# Pops 'n Bangs



## Roller Skate

Had a VW Golf at the side of me today in traffic and as he sped off when the lights changed I could see a remap logo in his rear windscreen and all I could hear was the results of a pops and bangs remap.

Honestly, his car sounded like it was broke.


----------



## Stiff

Maybe had anti-lag? They pop and bang a lot. 
I doubt _any_ pops and bangs are good for the internals.


----------



## HOGG

Is over fuelling and unburnt fuel any good for bore wash

Sent from my SM-G930F using Tapatalk


----------



## carlsicesilverTT

Roller Skate said:


> Had a VW Golf at the side of me today in traffic and as he sped off when the lights changed I could see a remap logo in his rear windscreen and all I could hear was the results of a pops and bangs remap.
> 
> Honestly, his car sounded like it was broke.
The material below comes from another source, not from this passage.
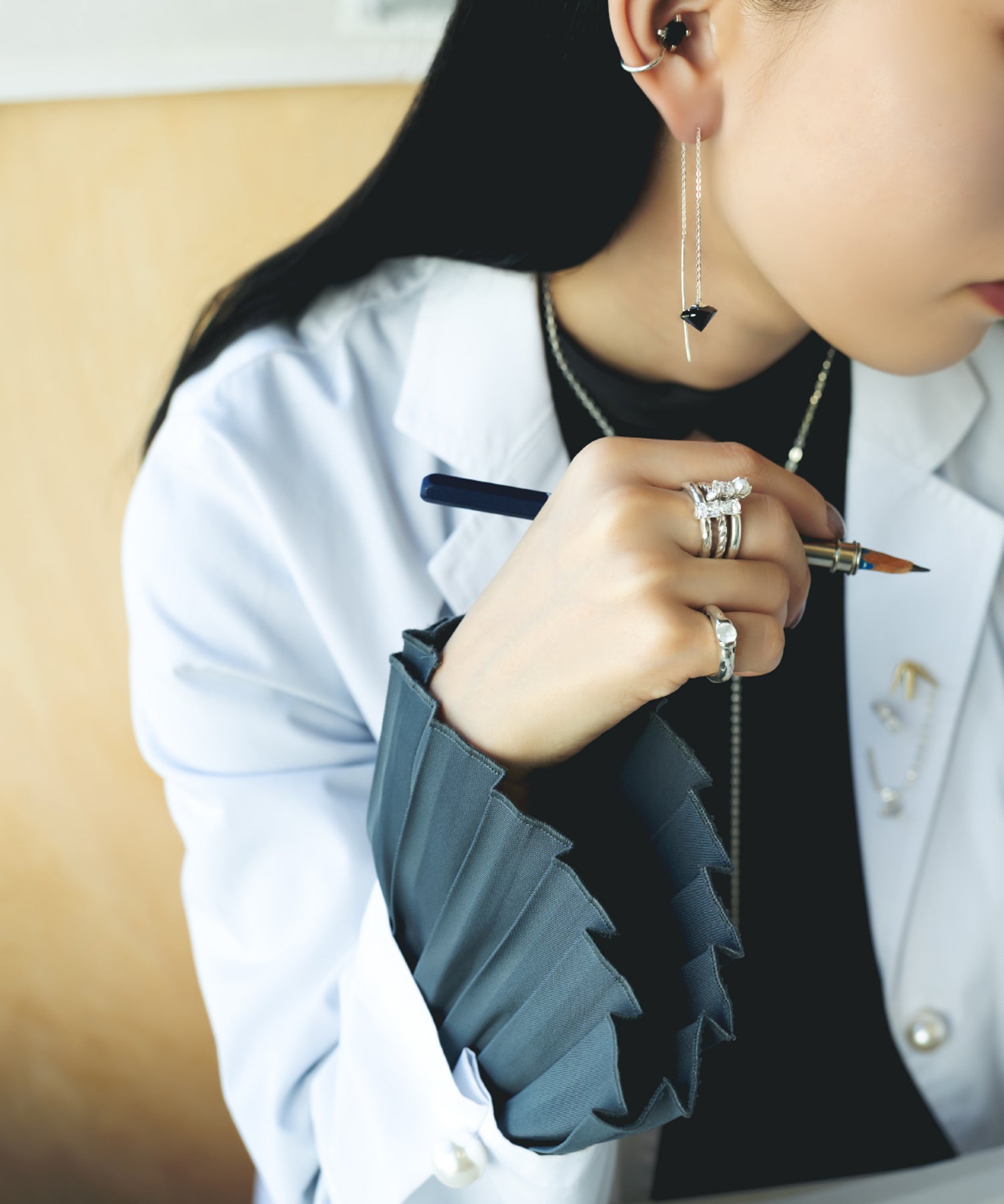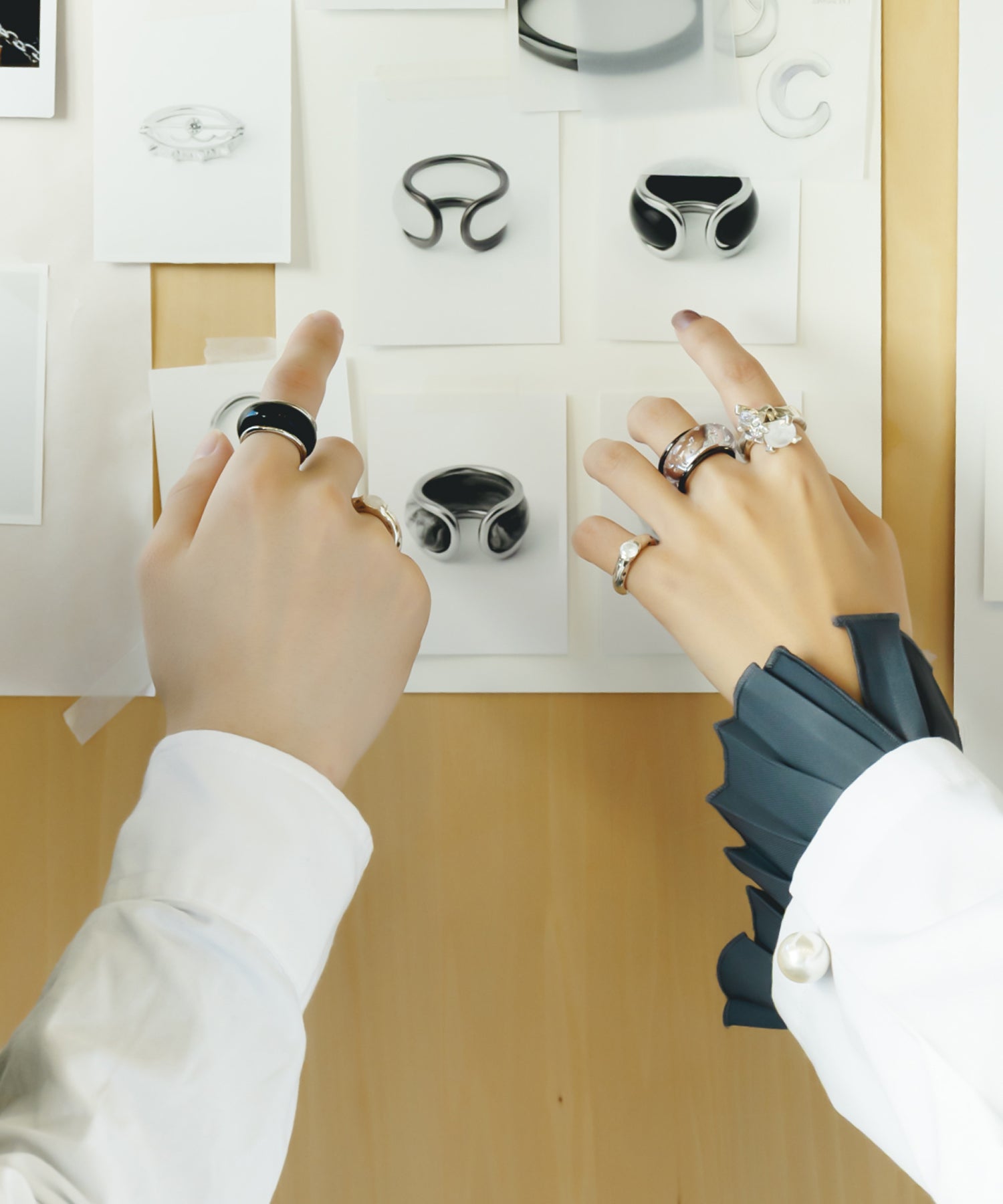 様々なピースを自分好みに組み合わせていくことで完成するジュエリー。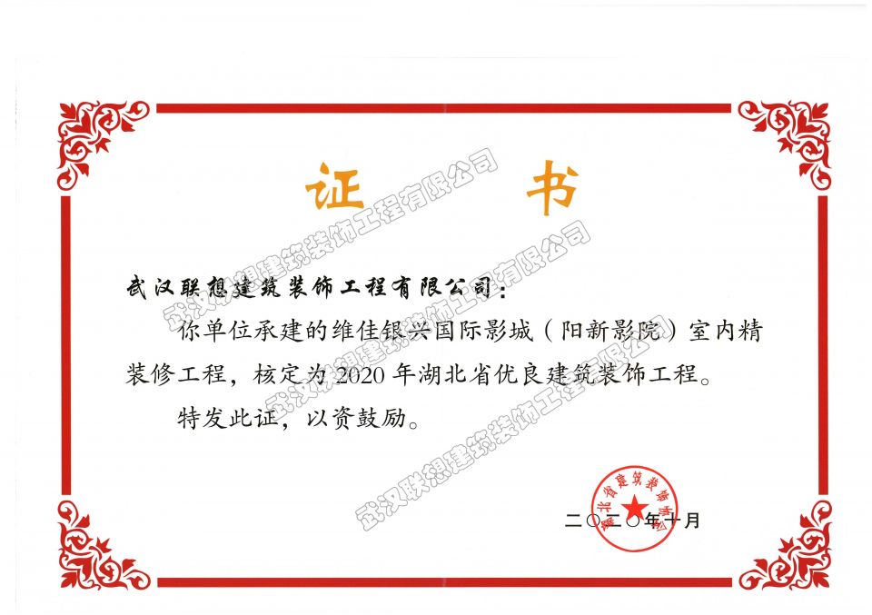 2020年湖北省優(yōu)良建筑裝飾工程(維佳銀興國際影城(陽新影院)室內(nèi)精裝修)

Its quite possible that he may have had a aftermarket exhaust AND HIGH FLOW CAT fitted after having a remap done, he/she should have done it the other way around.

Unless a map is tailored for a aftermarket exhaust such as cobra or any of the maxpower ones and high flow CAT then pops and bangs possible, had them on a MK1 A3 when I was a kid after doing the above ha!

Was a right BANGER!


----------



## ashfinlayson

I suspect the pops and bags are there by design Carl.

I've never really understood the need to chase volume in cars, I like my car to be as quiet as a mouse when I reverse on to my drive in the evening.


----------



## John-H

It's just a sign of a badly ruining engine wasting fuel and the owner being a nuisance.


----------



## r_turner01

It is put in by design, can have a pops and bangs map, trouble is, its fake!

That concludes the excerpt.